Why Spectrum Brands Is Bringing Its Amazon Advertising Approach To The Web

There is a distinct Amazon approach to advertising, and it’s taking over the rest of retail media.

To be successful within the walled garden platform, brands must be sharply focused on search. They also become accustomed to seeing ad costs factored as an incremental part of overall sales.

Spectrum Brands honed its advertising approach on Amazon. Now, it’s bringing metrics like share of search and ACOS (advertising as cost of sale) to its broader open web advertising and analytics, said Lenny Glick, the company’s head of ecommerce marketing and business intelligence.
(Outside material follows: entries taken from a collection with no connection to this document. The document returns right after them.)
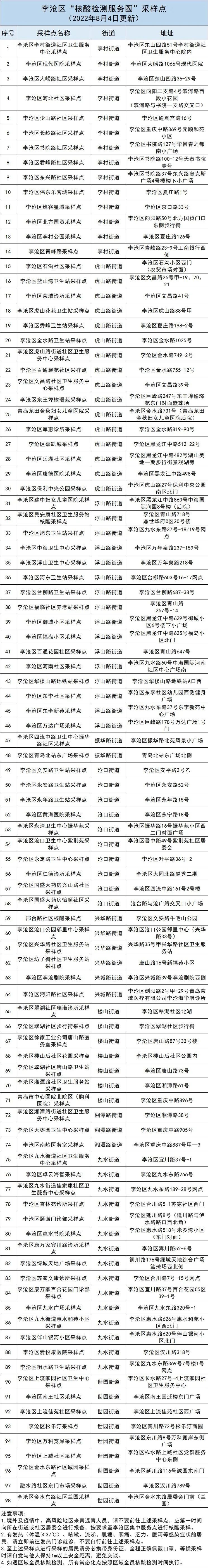 李沧区“核酸检测服务圈”采样点详情见本通告下方。
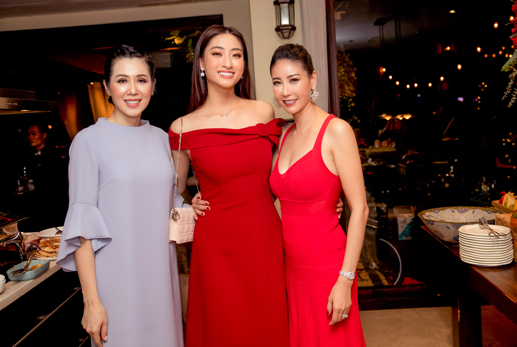 Đến chung vui cùng hoa hậu là những gương mặt rất nổi tiếng và quen thuộc của giới doanh nhân cũng như showbiz Việt. Buổi tiệc có sự hiện diện của doanh nhân Thuỷ Tiên, doanh nhân Thuỳ Dương, nhà sản xuất Trương Ngọc Ánh, người em thân thiết nghệ sỹ múa Linh Nga, cựu siêu mẫu Vũ Thu Phương, Tân hoa hậu Lương Thuỳ Linh, ca sĩ Quốc Thiên, gia đình đạo diễn Nguyễn Nam - Lê Hạnh, cùng những người bạn là đạo diễn Nguyễn Ngọc Thuỵ, Phúng Nguyễn...
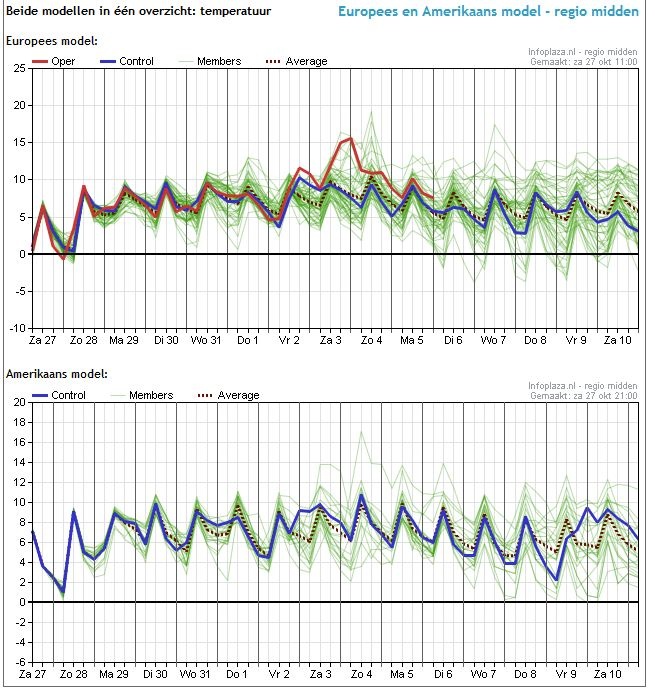In mijn post iets terug daar staat een mooie temperatuur verwachting van de 2 grote weermodellen.
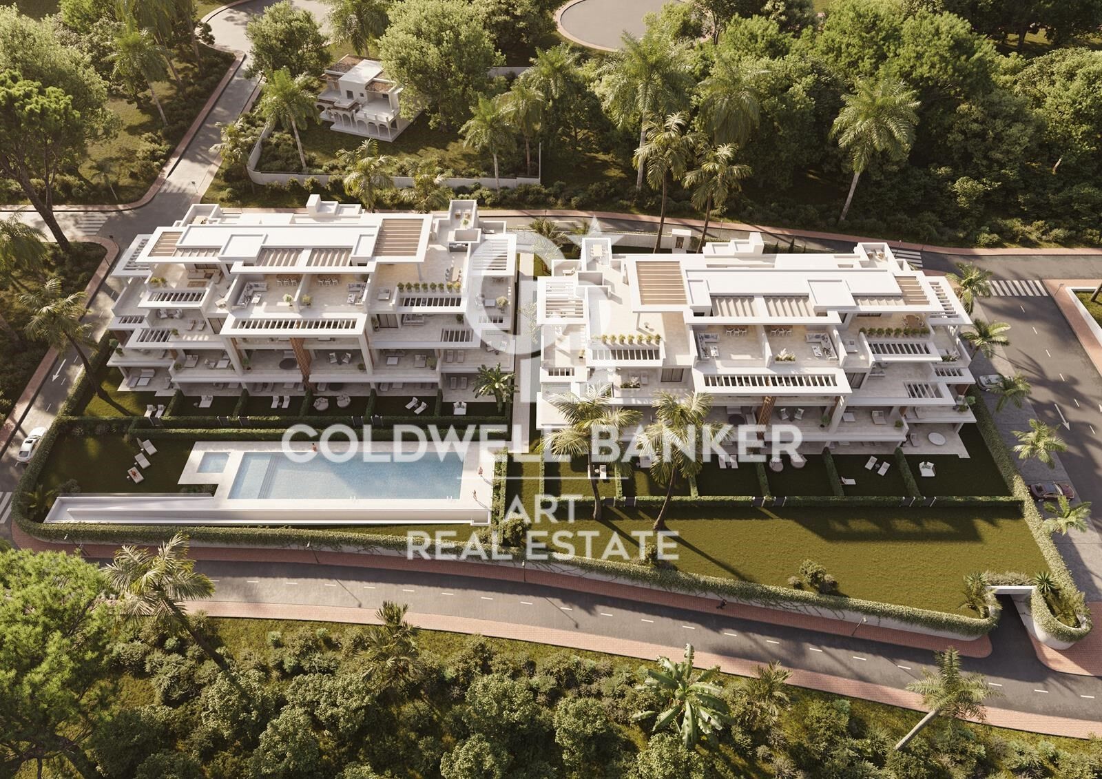 We invite you to discover Royal Park Residences, an exclusive development of luxury homes located in one of the most privileged areas of Estepona. This innovative residential concept seeks to provide its owners not only a home, but a complete experience, combining modernity, high-end amenities and an enviable natural environment with spectacular views of the Mediterranean Sea. Phase 1 of this project is distributed in 4 blocks, with options to suit the most demanding needs and tastes: - First floors with private gardens: ideal for those looking to enjoy an outdoor space in their own home, with spacious gardens, perfect for family gatherings, moments of relaxation or entertaining with friends. - First homes with sea views: Enjoy panoramic sea views from the comfort of your home, with spacious balconies that allow you to make the most of the natural surroundings. - Penthouses and apartments with solarium: For those looking for the best in design and comfort, we offer spectacular penthouses with private solarium, where you can enjoy the sun and the views, creating a unique and exclusive space. Each apartment has top quality finishes and carefully selected materials, ensuring a high standard in terms of design and functionality. You will be able to choose between 2, 3 or 4 bedroom homes, all designed to maximize space, natural light and comfort. The complex is distinguished by its luxurious facilities, designed to offer a unique lifestyle. Surrounded by carefully designed tropical gardens, residents will be able to enjoy a large communal swimming pool, ideal for relaxing or socializing, with open views of the surrounding landscape. In addition, the project includes two subway parking spaces per home, ensuring convenience and security, as well as a private storage room, perfect for additional storage. Security is a priority at Royal Park Residences, which is why the complex is located within a gated community with 24-hour surveillance, providing peace of mind and privacy to its residents. As part of this innovative concept, Royal Park Residences offers its owners access to a boutique hotel integrated into the complex. In addition, it has a sports area equipped so that residents can stay active and healthy without leaving the complex. With families in mind, the development also includes a children's area where the little ones can enjoy a safe and fun environment. Located in one of the most desirable areas of Estepona, Royal Park Residences offers the best of both worlds: a life surrounded by tranquility and nature, without giving up the proximity to the main basic services, such as stores, restaurants and leisure centers. Just minutes from the beach and the center of Estepona, residents will be able to enjoy the vibrant coastal life of the region, as well as the privacy and exclusivity that this development offers. If you are interested in more information about this spectacular development or would like to arrange a viewing, please do not hesitate to contact us. We will help you find the luxury home you have always wanted. #ref:CBSH42_BC

Spectrum, which operates a portfolio of manufacturing and personal care brands such as Black+Decker and Remington, is branching into programmatic retail media alongside CommerceIQ, its ecommerce advertising software. CommerceIQ, which is also expanding its footprint, recently partnered with Criteo and is developing products for retailer platforms like Walmart Connect and Target’s Roundel.

For the past couple years, Spectrum used CommerceIQ to manage its Amazon advertising, Glick said. A typical programmatic metric like return on ad spend (ROAS) is “benchmarked and pegged” to the cost of advertising, but not necessarily to true incremental business growth.

“This allows us to apply that same methodology to Target and to Lowe’s, to name a couple of the important retail players to us,” he said of CommerceIQ’s deal with Criteo – which works with those retailers.

The closer retailers get to the ecommerce purchase, the more they’ll be lit up by Glick’s marketing unit within Spectrum. In-house, they run a retail media team that targets point-of-sale ads (in-store or ecommerce shopping where transactions are a click away) and a marketing team for brand advertising.

Even a few years ago, online retail media campaigns came with interim or post-campaign reports on sponsored product clicks and store sales lift, but not the kind of data Spectrum wants to optimize ad spend, Glick said.

If a brand promotes a product with a retailer in a certain market, and that retailer also discounted the price or ran coupons for that product, the brand could actually have an unprofitable jump in store sales – which would just be reported as a jump in store sales. The brand may have spent heavily to acquire some new shoppers who are more interested in the discount than the product, and sold at a discount to many customers who would have purchased at the normal, profitable price tag.

That kind of ACOS data, which Glick said are the overall components of incremental growth, are built into Amazon’s advertising platform, and are only now gaining adoption across the web.

When a campaign must be optimized based on common KPIs such as click-through rates, last-click sales or ROI, Spectrum’s marketers must take a more hands-on approach. None of those metrics align with what Spectrum actually wants from its ad spend: improved discoverability in search indexes and online retail, and incremental customer growth. And so those campaigns need constant adjustment to stay on track.

“If we can set the campaign by the KPIs we’re going for, then we can let the platform make the hundreds of tactical decisions,” he said. “Any chance to get my team out of that tactical decision-making mode to leveraging automation, that’s a good place to head towards.”